Here are some hints for Counting and Probability. If you needed help with the Number Theory problems, please let us know and we'll reply to this post again.

9.3(c): Since we are picking the integers in order, and it is possible to pick repeats, they can be picked in $\underbrace{10 \times \dots\times 10}_{5\text{ times}} = 10^5$ different ways. For the mean of the list of numbers to be $2$, the numbers must add to $2 \times 5 = 10$. So, we want to count how many different integer solutions are there to the equation $a + b + c + d + e = 10$, where each number is at least one. Note we are picking the numbers in order: first $a$, then $b$, and so on. We can count these using the positive version of stars and bars: there are $\displaystyle \binom{10 - 1}{5 - 1} = \binom{9}{4} = 126$ solutions. Therefore, the probability that the mean of the list of numbers is $2$ is $\dfrac{126}{100000} = \dfrac{63}{500000}$.

9.22: Say $n$ is the number of additional quizzes she takes. What is the maximum possible sum of the scores of her current and additional quizzes? (Recall each quiz is worth at most $100$ points). How many quizzes would she have taken in total? Using these, find an expression for the average of all of her quizzes and use it to set up an inequality to find an average of at least $90$.

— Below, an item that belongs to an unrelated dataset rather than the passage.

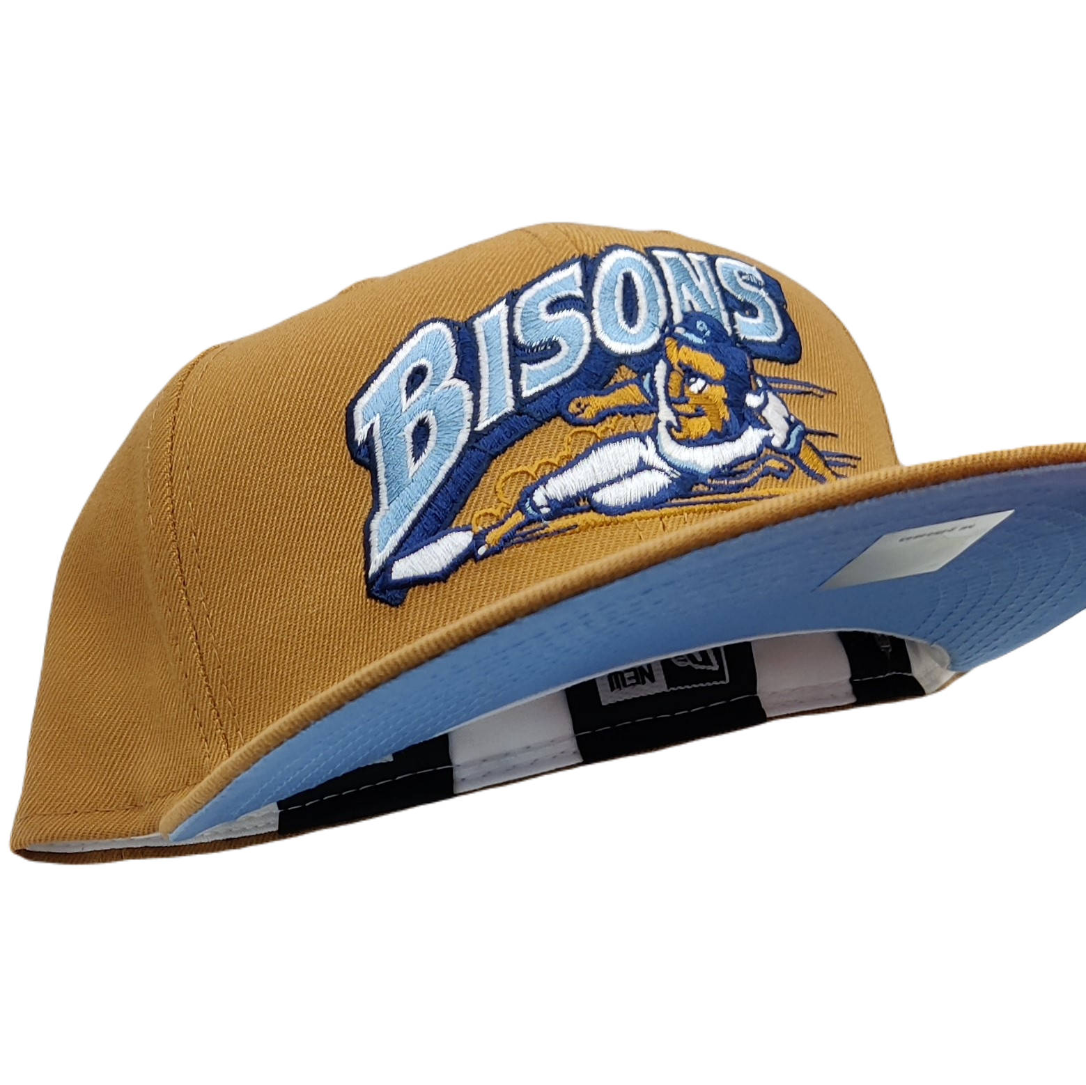 Capture the essence of outdoor love and sports spirit with the New Era 59Fifty Buffalo Bisons Wheat with Icy Blue UV Fitted Hat. Our tribute to the grandeur of the Buffalo Bisons, this timeless piece marries style and comfort with an exquisitely designed wheat crown and brim, reminiscent of the golden glow of a wheat field under the clear blue sky. Here's what to expect:

9.23: Since the list of numbers has an even number of numbers, the median will be the average of the two numbers in the middle of the ordered list. If all numbers were $1$, clearly the median would be $1$. If all numbers were $5$, clearly the median would be $10$. What numbers in between $1$ and $10$ are also possible? For  example, if the numbers (in order) were $1, 1, 2, 6$, the median would be $(1 + 2)\div 2 = 1.5$. 

9.24: To yield the largest possible difference between the median and the mean, we want to make the median as small as possible while making the mean as big as possible. Clearly the smallest possible median is $0$. To get this median, what is the least number of $0$'s you would need in your list? What should the remaining values be so that the mean is as big as possible? What is the mean in this case?

Let us know if you need additional hints. Remember it is also really helpful to us if you tell us what you have tried so far, and/or where you got stuck so we can provide you with better hints.